Air is being pumped into a spherical balloon so that its volume increases at a rate of 80 \mbox{cm}^3\mbox{/s}. How fast is the surface area of the balloon increasing when its radius is 14 \mbox{cm}? Recall that a ball of radius r has volume \displaystyle V=\frac{4}{3}\pi r^3 and surface area S=4\pi r^2.

Question

Air is being pumped into a spherical balloon so that its volume increases at a rate of 80 \mbox{cm}^3\mbox{/s}. How fast is the surface area of the balloon increasing when its radius is 14 \mbox{cm}? Recall that a ball of radius r has volume \displaystyle V=\frac{4}{3}\pi r^3 and surface area S=4\pi r^2.

Answer 1

just use the formula

v = 4/3 pi r^3
a = 4pi r^2, so
dv/dt = 4pi r^2 dr/dt = a dr/dt
da/dt = 8pi r dr/dt

v(14) = 11494
a(14) = 2463

So, we have

80 = 2463 dr/dt
da/dt = 8pi(14)(80/2463) = 11.43

Answer 2

what is an mbox?

V = (4/3) pi r^3
S = dV/dr = 4 pi r^2
dS/dr = 8 pi r
so
dS/dt = 8 pi r dr/dt

now find dr/dt
if dV/dt = 80 cm^3/s

dV = S * dr = 4 pi r^2 dr
so
dV/dt = 4 pi r^2 dr/dt
so
dr/dt = ( 1/4 pi r^2 )dV/dt = (20/pi 14^2)
so
dS/dt = 8 pi 14 (20/14^2 pi)
= 80/7
=

Answer 3

To find the rate at which the surface area of the balloon is increasing, we first need to find an equation that relates the surface area to the radius and the volume. The volume of a sphere is given by the equation:

V = (4/3)πr^3

To find an equation relating the surface area to the radius and the volume, we can differentiate both sides of the volume equation with respect to time (t):

dV/dt = (4/3)d/dt(πr^3)

Since we are given the rate at which the volume is increasing, dV/dt, we can substitute that into the equation:

80 cm^3/s = (4/3)d/dt(πr^3)

Now we need to find an equation relating the surface area to the radius, and differentiate both sides with respect to time:

S = 4πr^2

dS/dt = d/dt(4πr^2)

Now we can substitute the given radius of 14 cm into the equation:

dS/dt = d/dt(4π(14)^2)

Simplifying:

dS/dt = d/dt(784π)

Since there are no variables in the equation, the derivative of a constant is zero:

dS/dt = 0

Therefore, the surface area of the balloon is not changing with time, so the rate at which it is increasing is zero.

Answer 4

To find the rate at which the surface area of the balloon is increasing, we need to relate the change in the surface area to the change in the volume.

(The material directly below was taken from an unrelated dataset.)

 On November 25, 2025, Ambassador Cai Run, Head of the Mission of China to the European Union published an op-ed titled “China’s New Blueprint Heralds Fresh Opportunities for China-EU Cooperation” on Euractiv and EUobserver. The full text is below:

Given that the volume of the balloon is increasing at a rate of 80 cm³/s, we can find how the volume is changing with respect to time. This means we need to find dV/dt.

We are also given that the radius of the balloon is 14 cm, so we can find the value of the radius, r.

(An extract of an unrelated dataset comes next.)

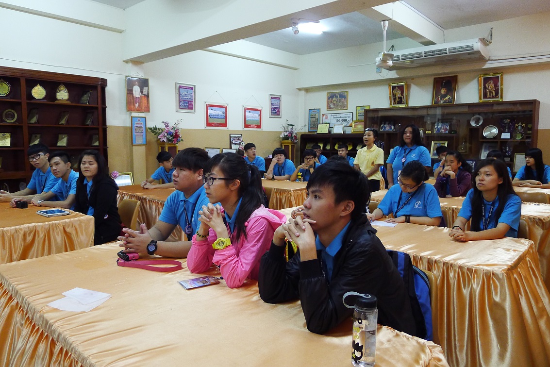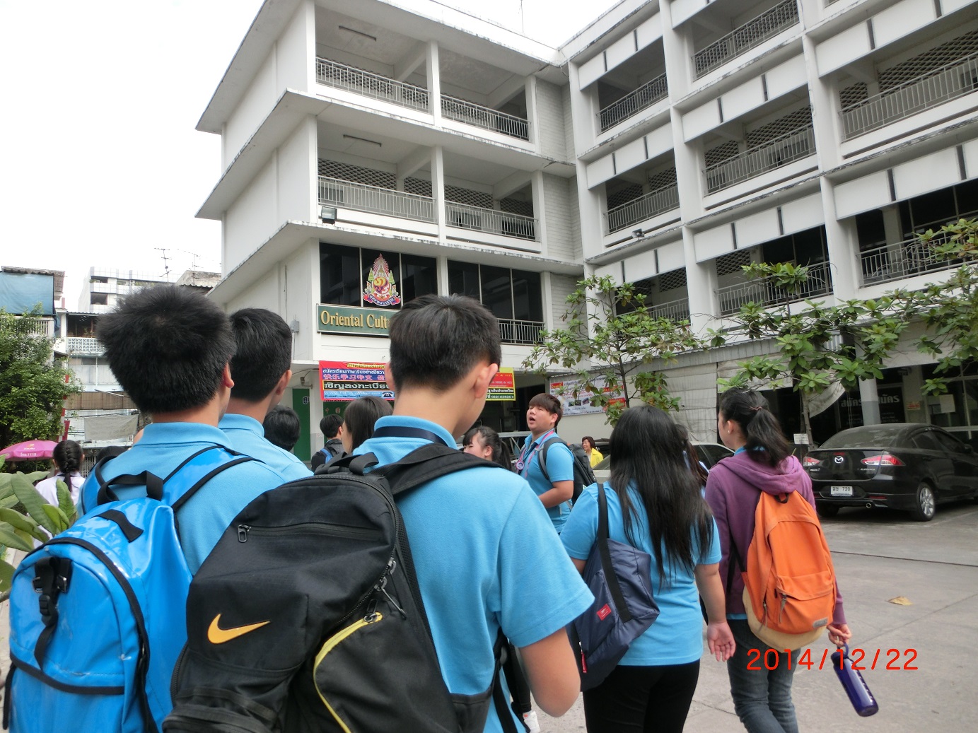 交流團於行程第三天到訪曼谷華教促進會—時代中學,由何韻主席帶領下,與當地師生交流學習、社會、文化及生活狀況。拜訪活動首先由時代中學的學生代表帶領團員參觀學校建築,包括榮譽室、中文活動室、泰文電腦室等地方,參觀期間團員與當地學生代表相處甚歡,就兩地語言學習情況、生活狀況、社會風氣、身份種族等方面進行交談,促進團員增進對泰藉華僑生活的認知,之後彼此更交換聯絡方式。到達漢語網絡考試考點的孔子課堂後,認識漢語文化在泰國的傳播狀況。雙方學生就兩地教育制度、文化異同、教育環境等話題,展開一系列深入對話,最後雙方更在東方文化書院進行合影。

We can differentiate the volume formula V = (4/3)πr³ with respect to time, using the chain rule:

dV/dt = dV/dr * dr/dt

The first term dV/dr represents the derivative of the volume with respect to the radius, which is given by:

dV/dr = 4πr²

The second term dr/dt represents the derivative of the radius with respect to time, which is not given. However, we can find it using the information about the rate of volume increase.

We know that dV/dt = 80 cm³/s, and we are looking for dr/dt. We need to rearrange the previous equation to solve for dr/dt:

dV/dt = dV/dr * dr/dt

80 = 4πr² * dr/dt

dr/dt = 80 / (4πr²)

Now we can substitute the given radius of 14 cm into the equation to find dr/dt:

dr/dt = 80 / (4π(14)²)

dr/dt ≈ 0.0346 cm/s

Now that we have the value of dr/dt, we can use it to find how the surface area of the balloon is changing with respect to time.

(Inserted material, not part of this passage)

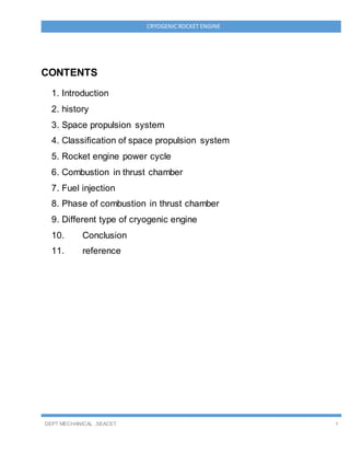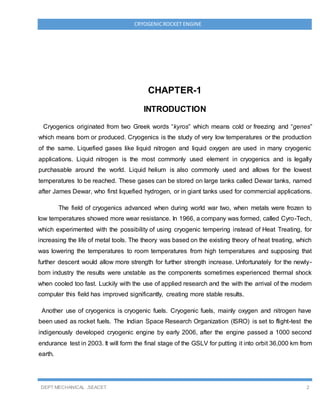 This document provides an introduction and overview of cryogenic rocket engines. It discusses the history of cryogenics and rocket propulsion. Some key points include:

The formula for surface area S = 4πr² can be differentiated with respect to time to find dS/dt:

dS/dt = dS/dr * dr/dt

The first term dS/dr represents the derivative of the surface area with respect to the radius, which is given by:

dS/dr = 8πr

Now we can substitute the given radius of 14 cm and the value of dr/dt into the equation:

dS/dt = 8π(14) * 0.0346

dS/dt ≈ 15.33 cm²/s

Therefore, the surface area of the balloon is increasing at a rate of approximately 15.33 cm²/s when its radius is 14 cm.